Messi dediği, ayakkabılarının kenarına sokak değmiş çocuk işte. Camp Nou büyük, çok büyük. Televizyonda görsen "Stad boş" dersin ama 60 bin taraftar var tribünde. Ülkeyi 44 yıl aradan sonra Avrupa Şampiyonu yapmış teknik adam, maçın sabahında göçüp gitmiş bu dünyadan. Bizim "Dede", "Huysuz İhtiyar" dediğimiz, onlar içinse "Futbol dahisi" Luis Aragones... Saygı duruşunun da kıtada farklı tezahürleri var. İngilizler alkışlarla uğurluyor. Biz, Fransızlar gibi sessiz kalmaya çalışıyoruz ama bir türlü beceremiyoruz. Lakin İspanyollar, ölenle bir kez daha öldüren, yürek yakan bir müzik eşliğinde veda ediyorlar stadyumlarda yitip gidenlere.
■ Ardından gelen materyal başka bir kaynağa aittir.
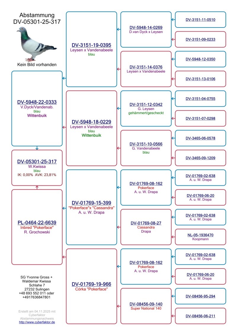 Oryginalny gołąb z hodowli Waldemar Kwissa. Fajne połączenie. Szczegóły pochodzenia w rodowodzie, karty własności będą dołączone do rodowodów. Więcej informacji pod nr tel.: 693552011. Koszt wysyłki od 1 do 4 szt 150 zł
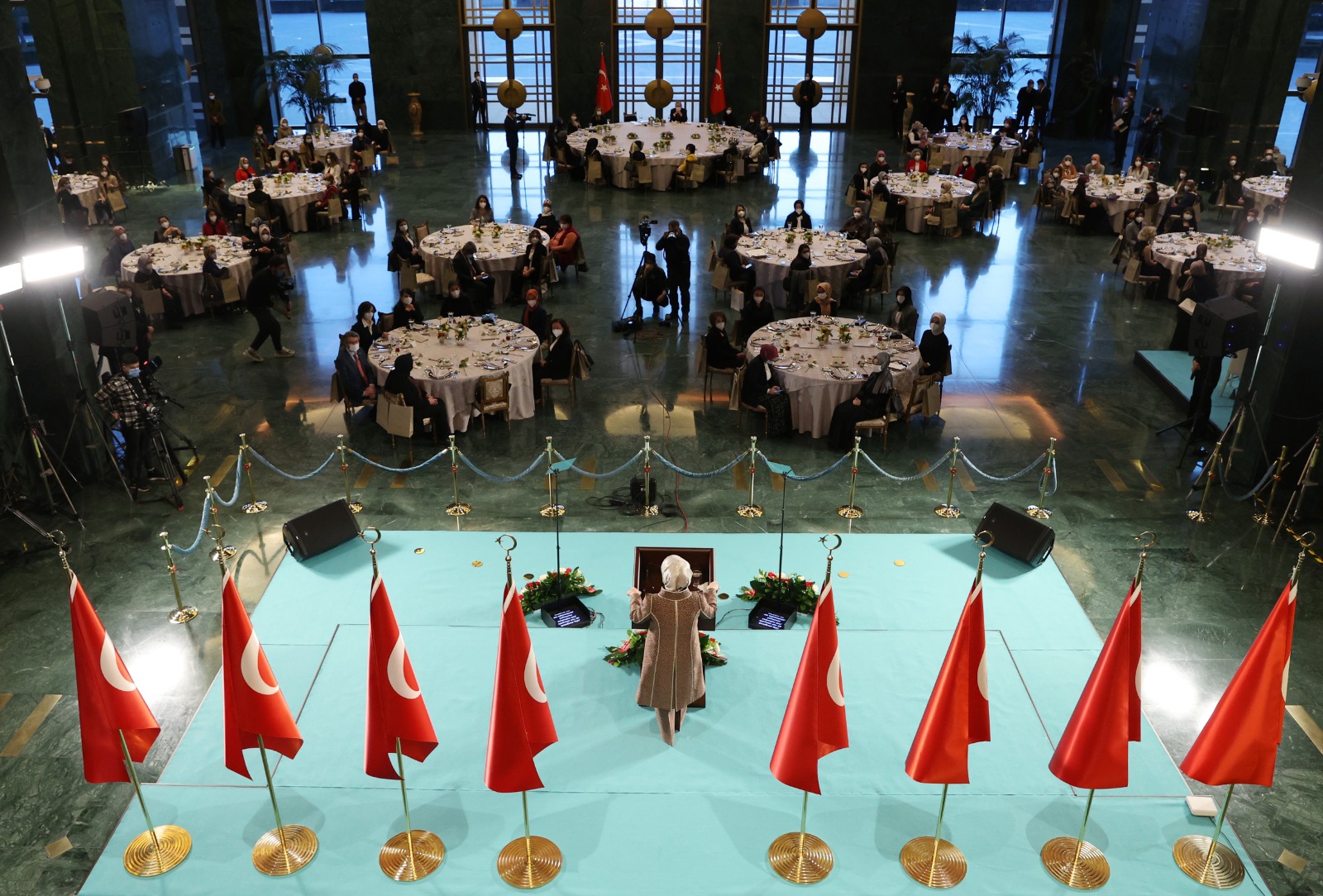 Davetlilere hitap eden Emine Erdoğan, 8 Mart Dünya Kadınlar Günü münasebetiyle, milletin evinde sağlık çalışanı ve sosyal hizmet uzmanı kadınları misafir etmekten büyük bahtiyarlık duyduğunu söyledi.

Katalanlar'ın topraklarında bir Madrid efendisinin vedası için müziği ve vedayı kısa tutuyorlar sanki... Sonra ilk düdük ve 60 bin insanın hep birlikte "Tıp" demişçesine sessizliği. Rakip Valencia, zor maç ama Camp Nou'nun tribünlerinde kale arkasındaki yüz genç dışında tezahürat yapan yok. Bir Federer-Nadal finalinde servis atıldığında ne kadar sessizse o kadar sessiz Camp Nou. Usta gazeteci Guillem Balague bir futbol arenasının bir tiyatro salonuna dönüşünü sorduğumuzda "Sizdekiyle bizdeki tribünlerin farkı, burada insanlar stadyuma futbolcuların kendilerini mutlu etmesi için gelirler. Sizde ise siz tribüne tezahüratlarla futbolcuları mutlu etmeye gidersiniz" diyor. Doğrusu bu cevap beni tatmin etmiyor. Bizdeki gibi tezahürat olsa, onlar gibi bizim futbolcular futbol oynasa. Ortasını bulsak, iki taraf da mutlu olsa... Olsa, olsa da; olmadık şeyler oluyor maçta. Utangaç çocuğun takımı öne geçtiği maçta iki kez kez yenik duruma düşüyor, kalesinde üç gol görüyor ve sahayı ıslıklarla terk ediyorlar. Tribün boşalırken, coğrafya hiç fark etmiyor. Herkes teknik direktör. "Iniesta neden 11'de değildi? Pique ile Mascherano gece uyumamışlar, gündüz maçına daha uyanamamışlar, Tata bu takımı iyi çalıştırmıyor, Fabregas'ı rakip kaleye daha yakın oynatması lazım." Ne dersen de, üç puan gitmiş işte... Libero'nun kapağındaki 'Sakallı Türk', Arda Turan'ın takımı Atletico Madrid ertesi gün 4-0 kazanıp 18 yıl sonra ilk kez liderlik koltuğuna oturuyor. Barcelonalı'ya, Woody Allen'in filmindeki (Vicky Cristina Barcelona) kadar güzel görünmüyor ertesi sabah Barcelona... Camp Nou'da takım kaybedince sanki biraz Alejandro Gonzalez Inarritu'nun Biutiful'unun havası var bu şehirde...
Bu maça mı gittinix?? Çünkü bende bu maçtaydım. Şansa gittiğim maçta yıllar sonra Barcelona kendi evinde yenildi :)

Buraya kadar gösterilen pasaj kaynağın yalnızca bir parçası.